If this is your first failure to timely file penalty, be sure to request a penalty abatement from the IRS after you have filed. Don’t’ do it again as they will not be so forgiving the next time.

Luckily there is no late filing penalty for taxpayers that are due a refund. Taxpayers due a refund for the 2016 tax year have until April 18, 2020 (October 16, 2020 with an extension) to file before the statute of limitations on the refund runs out. Unfortunately, the U.S. Treasury keeps your refund if you do not file by these dates.

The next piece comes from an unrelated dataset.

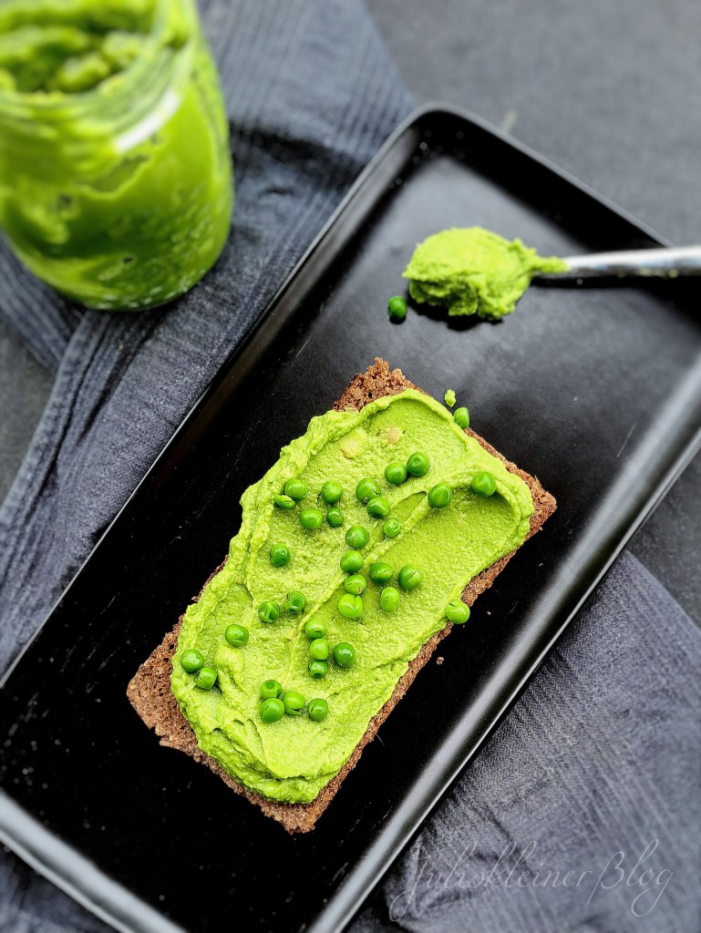 Die Erbsen abgießen aber etwas von dem Wasser auffangen.

2. Pay as much as you can or pay it all off

If possible, pay your tax debt in full or pay what you can to reduce IRS tax debt. The failure to pay penalty is 0.5% of the amount you owe each month up to a maximum of 25%. If both the failure to file penalty (discussed above) and failure to pay penalty are due in the same month, the failure to file penalty is reduced to 0.5%.

You will have an extra six months to file if you were granted an extension. Make sure to estimate and pay what you think you owe for the year by the April deadline or as soon as you can. As mentioned above, the IRS will assess a failure to pay penalty equal to 5% of the tax you owe per month, up to a maximum of 25%.

And remember the IRS charges interest on the principal amount owed. The IRS charges interest at 3% plus the federal short-term rate, compounded each day (see also Rev. Rul 2017-6 Determination of Rate of Interest). This can add up to an enormous tax bill making it increasingly difficult to pay it all off.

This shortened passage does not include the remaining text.